Até o momento, estão fora dessa realidade os atendimentos de urgência e emergência e os procedimentos realizados na maternidade. O motivo é que o SUS (Sistema Único de Saúde) não prevê partos realizados com agendamento.

“Na maternidade, não tem como ser diferente. Ninguém programa para entrar em trabalho de parto, mas a parte eletiva de pessoas que podem ser internadas ou as patologias não apresentam risco iminente à vida do paciente, nós solicitamos transferência para outro hospital, porque faltam recursos”, informou.

No fim da semana passada, a provedoria comunicou aos médicos que só dispunha de 15 ampolas de marcaína, anestésico usado para a cesariana (em raquianestesia).

“Em tese, tínhamos 15 possibilidades de fazer procedimento. Aí, nós priorizamos a maternidade, por conta das cesarianas, que são um procedimento complicado de se fazer com anestesia geral”, disse a médica.

Além de anestésicos, há falta de uma série de antibióticos na Santa Casa. Dependendo dos casos, a médica relatou que os médicos precisam buscar caminhos alternativos.

Este é o caso de um bebê, de dois quilos, que permaneceu no hospital até a tarde de quarta-feira, 15. “Ele poderia estar tomando uma medicação na veia, mas tomou outra, intramuscular, porque não temos o antibiótico, aqui”, contou.

As soluções são consideradas emergenciais, mas precisam estar preconizadas nos protocolos que os médicos têm de seguir. Ela ressaltou tratarem-se de normas que existem para “garantir a segurança do atendimento da população”. “Nós não conseguimos segui-los, porque muitas das medicações estão faltando dentro do hospital”, argumentou.

Em função disso, a médica argumentou que os médicos estão “de mãos atadas”. Conforme ela, os profissionais não podem “improvisar” um tratamento.

“Não dá, é saúde, não tem gambiarra. Ou tratamos direito, ou, na verdade, vamos piorar a situação do paciente, o que é contra o princípio básico da medicina”.

As dificuldades das equipes de atendimento estão aumentando porque o hospital não tem recursos para empregar no conserto de equipamentos.

Conforme a médica, duas máquinas da lavanderia estão quebradas. Por conta disso, não há lençóis para serem utilizados nos leitos e roupas para as cirurgias.

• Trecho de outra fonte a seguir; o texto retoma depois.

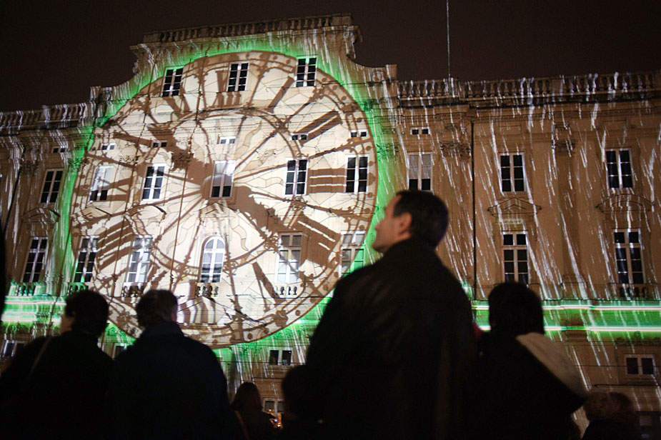 12月5日,在法國(guó)里昂,人們欣賞燈光表演。第11屆燈節(jié)到來之際,里昂城被五彩變幻的燈光裝飾。圖片來源:中國(guó)新聞網(wǎng)
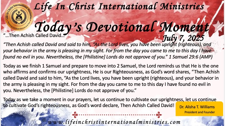 Today as we finish 1 Samuel and prepare to move into 2 Samuel, the Lord reminds us that He is the one who affirms and confirms our uprightness, He is our Righteousness, as God’s word shares, “Then Achish called David and said to him, “As the Lord lives, you have been upright (righteous), and your behavior in the army is pleasing in my sight. For from the day you came to me to this day I have found no evil in you. Nevertheless, the [Philistine] Lords do not approve of you.”

O uso de material para operações também ficou restrito, porque a Santa Casa dispõe apenas de uma autoclave (usada para esterilização) pequena. A outra está quebrada.

Também faltam alimentos e água engarrafada para servir aos médicos e pacientes. A escassez tem obrigado as equipes da cozinha a manter um cardápio sem muitas opções aos internados.

“Como médicos, estamos fazendo o que é necessário. As urgências e emergências estão sendo atendidas. Que a situação é calamitosa? Sem dúvida nenhuma, mas nós continuamos fazendo aquilo que nos é permitido, o que conseguimos fazer, e continuamos fazendo”, afirmou Grandino.

O médico relatou que a situação vem “se arrastando”, mas que os médicos não podem fazer muito para tentar remediá-la. O vice-diretor clínico do hospital também reforçou o posicionamento de Maria Laura e enfatizou que os profissionais continuam trabalhando e não deixarão de atender.